▸ **Problem statement**:
Please keep the pictures out and write out exactly the lines from the first in the data below through the one containing "105L Bar Fridge", both included.

▸ **Source data**:
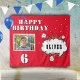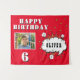 Superhero Comic Speech Cloud Boy Birthday Party Photo Backdrop Tapestry. Fun red superhero birthday banner for boys. Add your photo, name and age.
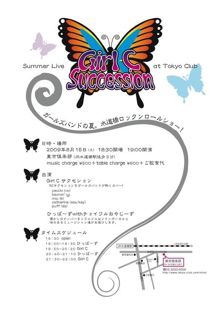 ◆ガールズバンドの夏。水道橋ロックンロールショー !◆ 日時・場所 2009年8月15日 (土)18:30開場 19:00開演 東京倶楽部 (JR水道橋駅徒歩3分) http://www.tokyo-club.com/intro/ music charge \500+table charge \600+ご飲食代 出演 ★Girl C サクセション ★ひっぱ〜ずwithチョイワルおやじーず time sckedule 18:30 open 19:00〜19:30ひっぱ〜ずwithチョイワル 19:50〜20:20Girl C サクセション 20:40〜21:10ひっぱ〜ずwithチョイワル 21:30〜22:00G
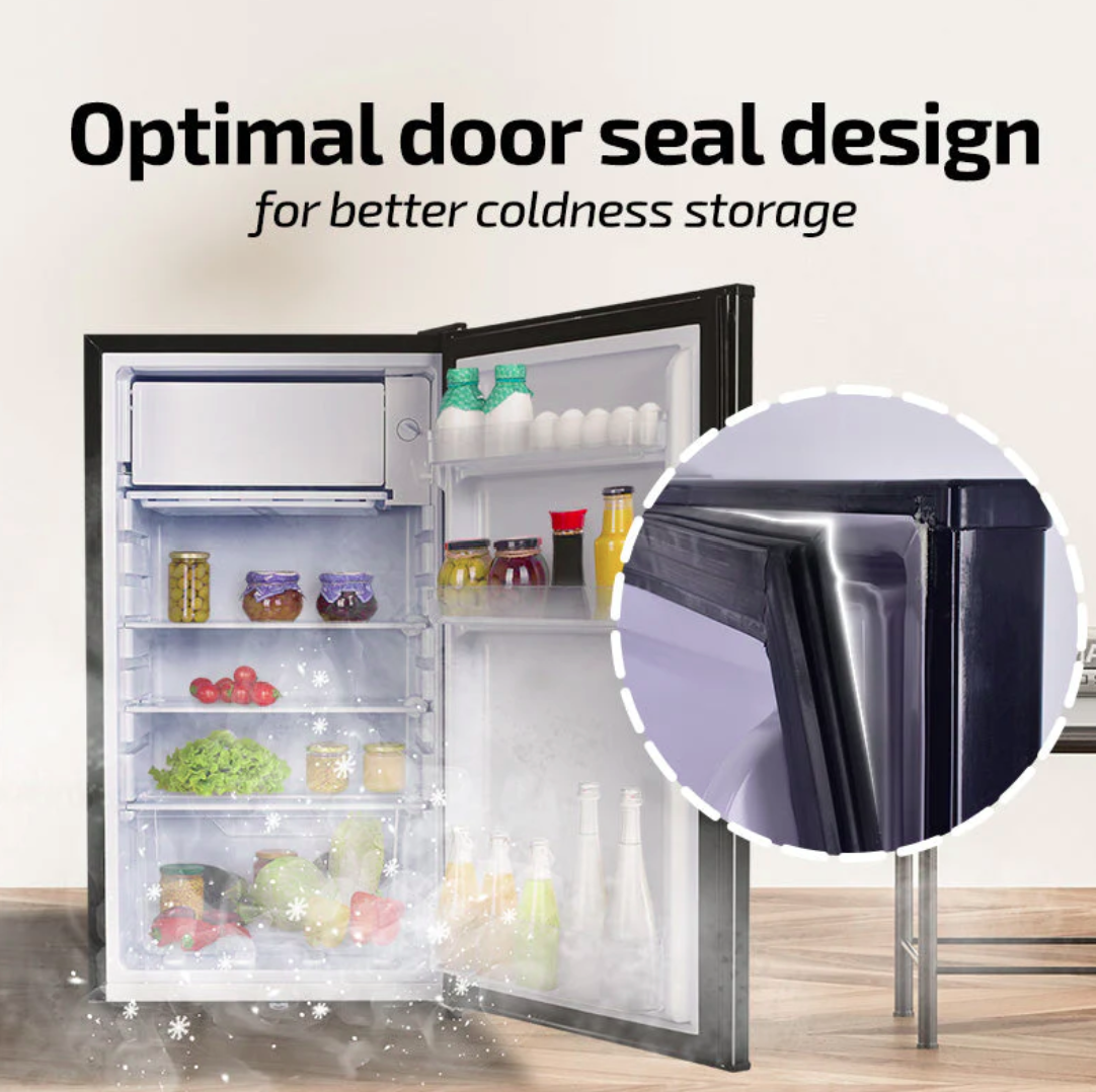 105L Bar Fridge with Lock, sizable, shelves, crisper, anti-bac Carbon Filter, optimal door seal, built-in Freezer, black, PPF105BK
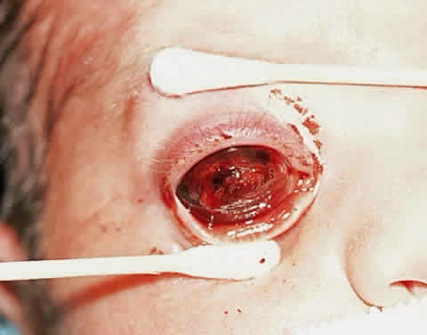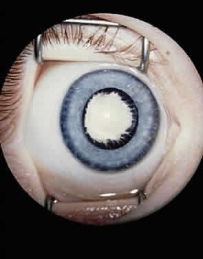 Strabismus or ocular misalignment occurs in about one third of cases and may herald a relatively small tumor that involves the fovea. For this reason, careful ophthalmoscopy should be performed in all children with strabismus to exclude retinoblastoma or some other significant retinal pathology. About half of the eyes enucleated for retinoblastoma have iris neovascularization, which may produce neovascular glaucoma, iris heterochromia, and even secondary buphthalmos. Pupillary block glaucoma caused by anterior displacement of the lens-iris diaphragm may be found in eyes with exophytic tumors and total retinal detachments. Endophytic tumors and the rare diffuse infiltrating variant of the disease often seed the anterior chamber, forming a pseudohypopyon of tumor cells that may be initially misdiagnosed as inflammation. An orbital cellulitis-like picture is another type of pseudoinflammatory presentation. In such cases, histopathologic examination usually reveals severe neovascular glaucoma that has caused extensive infarction of the tumor and other intraocular structures. In underdeveloped countries, patients may present in the late stages of the disease with a tumor that has extended extraocularly, causing exophthalmos and an orbital mass. Rare tumors are manifest at birth. Congenital retinoblastoma may present with a massive hyphema and an enlarged ectatic cornea that spontaneously perforates (Fig. 5).
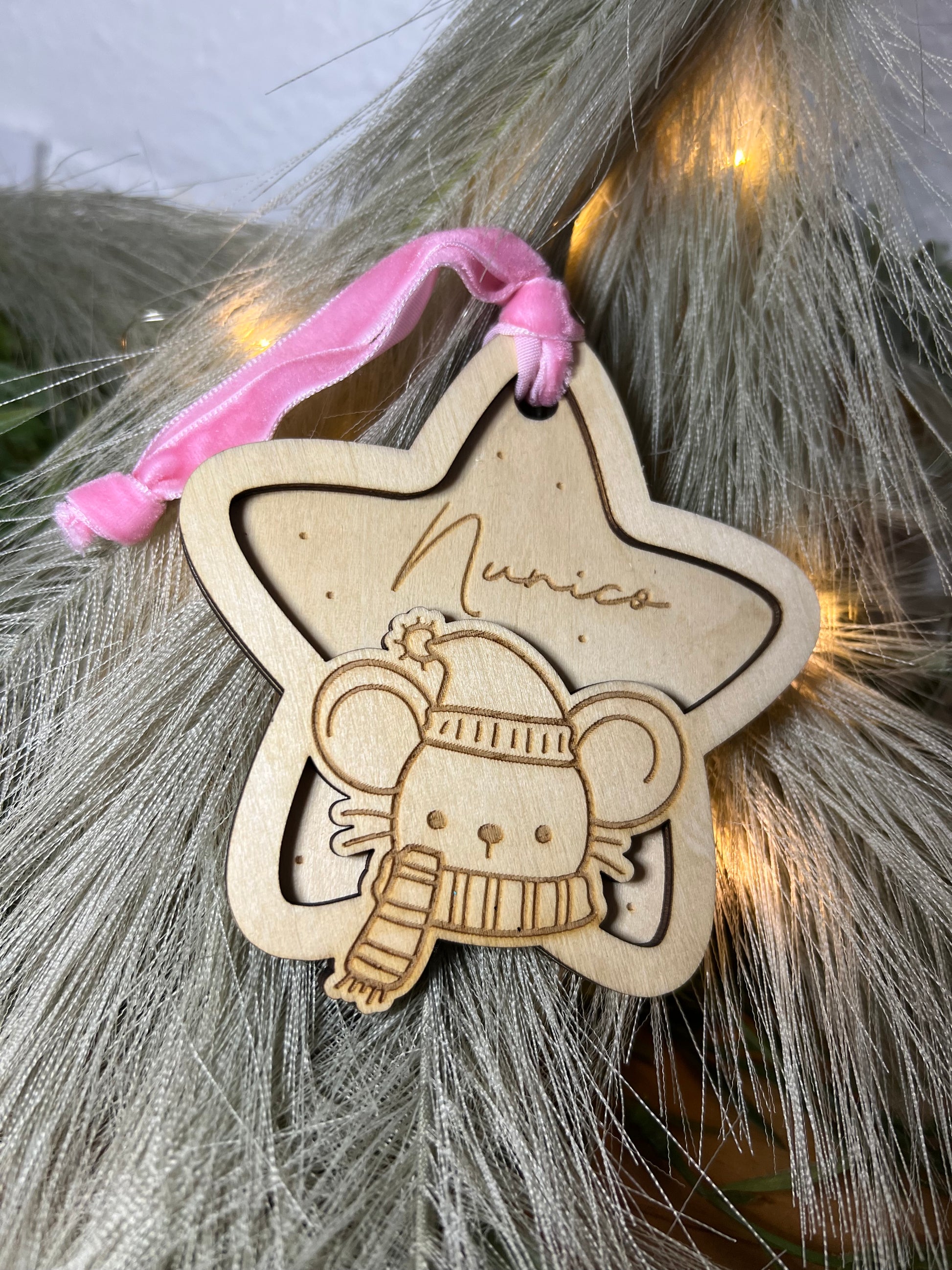 Adorno con forma de estrella de 9 cm, lleva el nombre grabado.
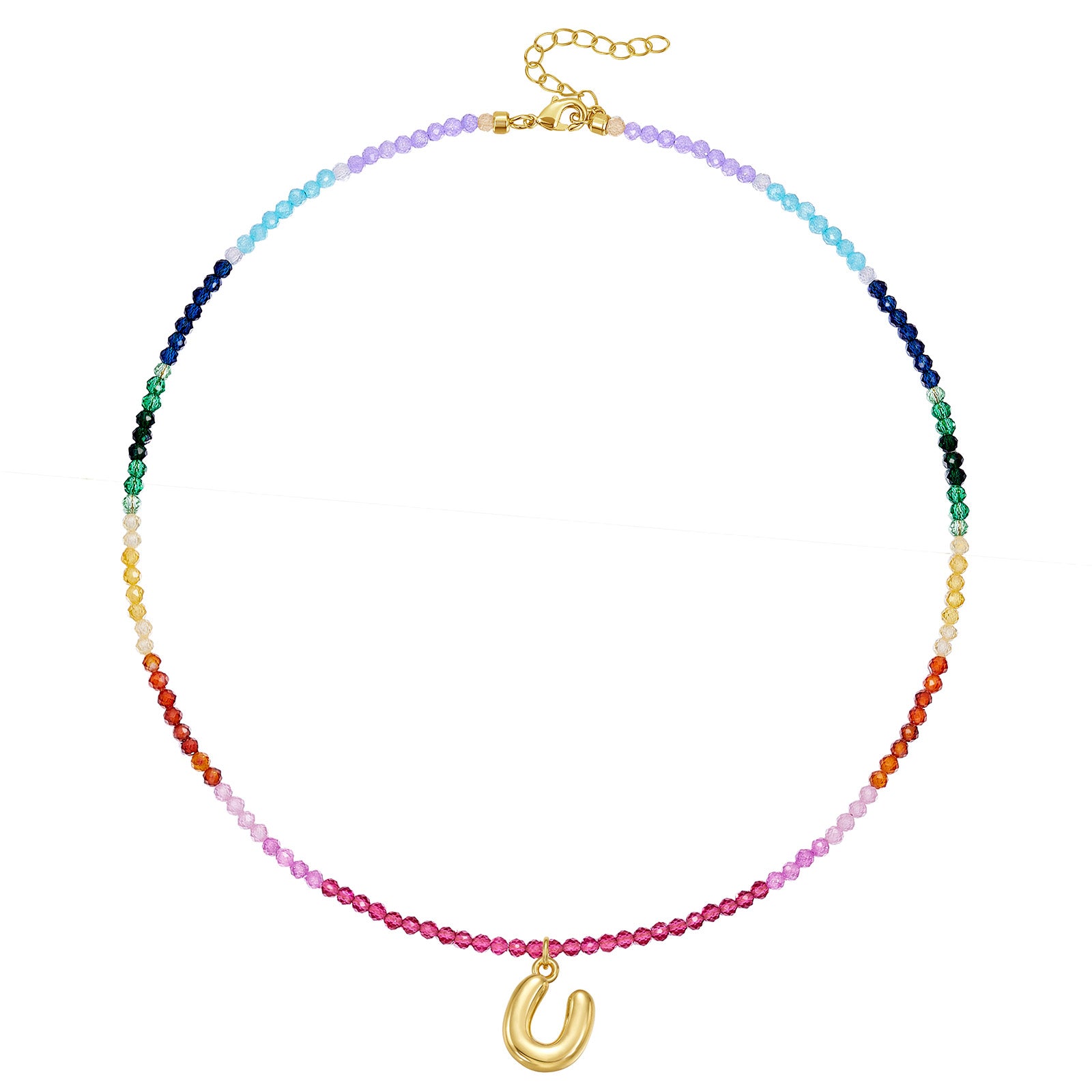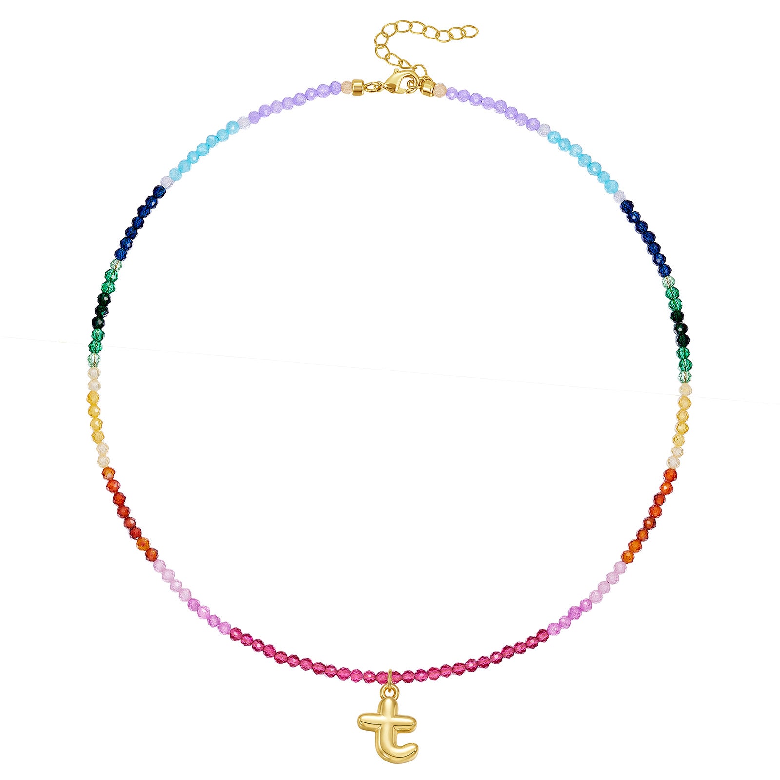 KissYan Beaded Bubble Letter Pendant Rainbow Gemstone Choker
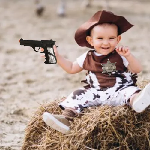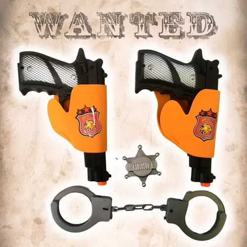 A szett 2 db pisztolyt tartalmaz táskával, amit az övére erősíthet, egy sheriff csillagot, amit feltűzhet magára és egy bilincset is.
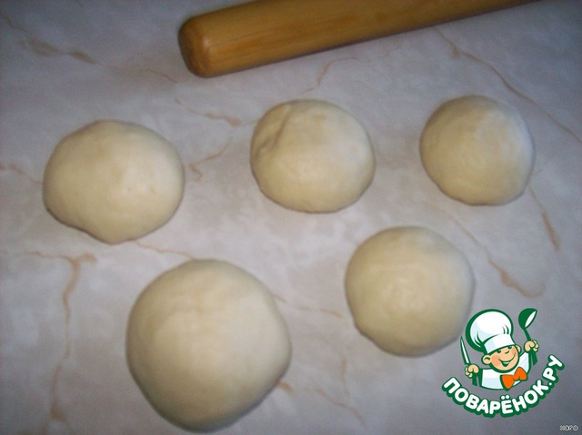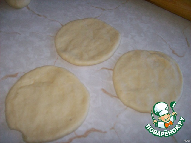 Шарики раскатываем в круглые лепешечки толщиной около 1 см.
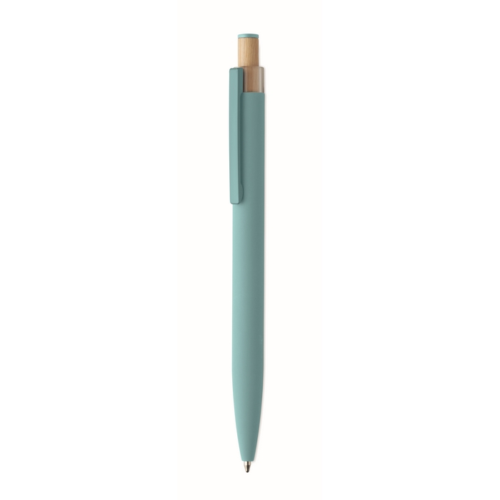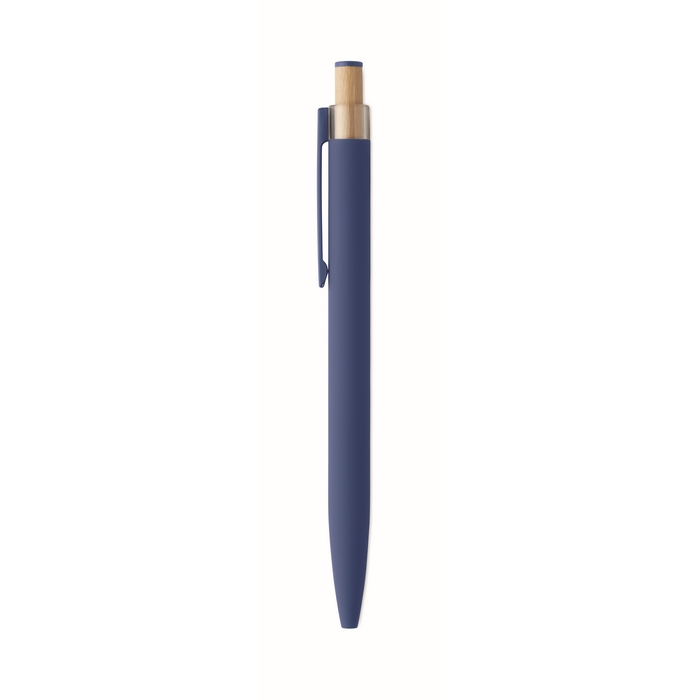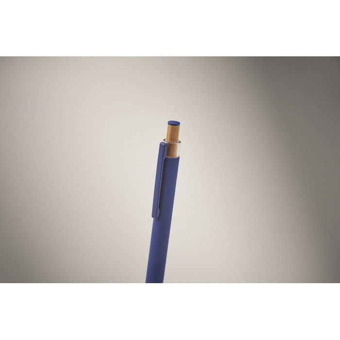 Caneta de alumínio reciclado com botão de bambu. Detalhe colorido e clipe metálico a condizer. Tinta azul.
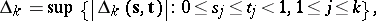 79. l13006050.png ; $\Delta _ { k } = \operatorname { sup } \{ | \Delta _ { k } ( \mathbf{s} , \mathbf{t} ) | : 0 \leq s _ { j } \leq t _ { j } < 1,1 \leq j \leq k \},$ ; confidence 0.867
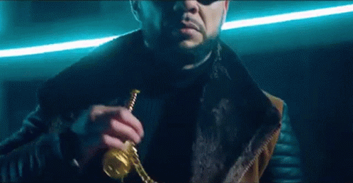 Rapper Mc Doni showcases his impressive gold chain and medallion, wearing sunglasses in a neon-lit setting.
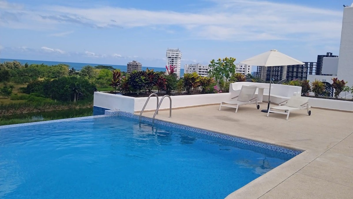 Denne stilige leiligheten med ett soverom i Tonsupa er det perfekte tilfluktsstedet for en ferie ved havet. Med et moderne og innbydende design, tilbyr den en lys stue, fullt utstyrt kjøkken og et komfortabelt soverom med en queensize-seng. Bare noen skritt fra stranden, vil du nyte nærheten til havet. Dette stedet er ideelt for avslapning, og kombinerer komfort og stil i idylliske omgivelser. Kom og lev en romantisk kystopplevelse!
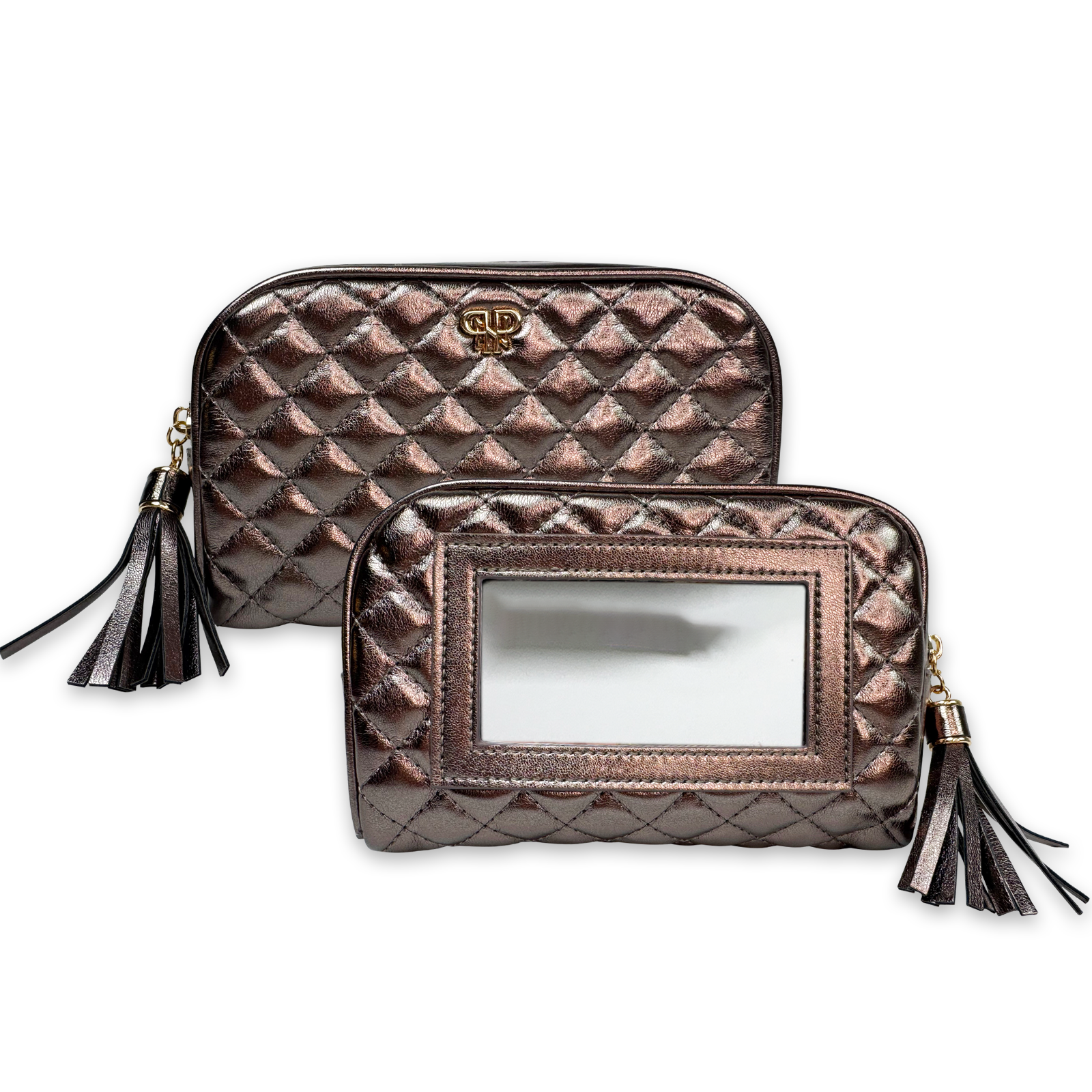 Meet the makeup bag that's as chic as it is practical - with a built-in mirror for effortless touch-ups on the go. The Glam Makeup Case in glamorous Bronze blends everyday function with a polished sophisticated finish. Inside, two slip pockets and a spacious central compartment keep your beauty must haves organized and easy to reach, and the easy to clean wipeable interior is a must! Compact enough to toss in your purse, stylish enough to show off - this is the makeup bag you'll reach for every single day.

▸ **Response below**:
 Superhero Comic Speech Cloud Boy Birthday Party Photo Backdrop Tapestry. Fun red superhero birthday banner for boys. Add your photo, name and age.
 ◆ガールズバンドの夏。水道橋ロックンロールショー !◆ 日時・場所 2009年8月15日 (土)18:30開場 19:00開演 東京倶楽部 (JR水道橋駅徒歩3分) http://www.tokyo-club.com/intro/ music charge \500+table charge \600+ご飲食代 出演 ★Girl C サクセション ★ひっぱ〜ずwithチョイワルおやじーず time sckedule 18:30 open 19:00〜19:30ひっぱ〜ずwithチョイワル 19:50〜20:20Girl C サクセション 20:40〜21:10ひっぱ〜ずwithチョイワル 21:30〜22:00G
 105L Bar Fridge with Lock, sizable, shelves, crisper, anti-bac Carbon Filter, optimal door seal, built-in Freezer, black, PPF105BK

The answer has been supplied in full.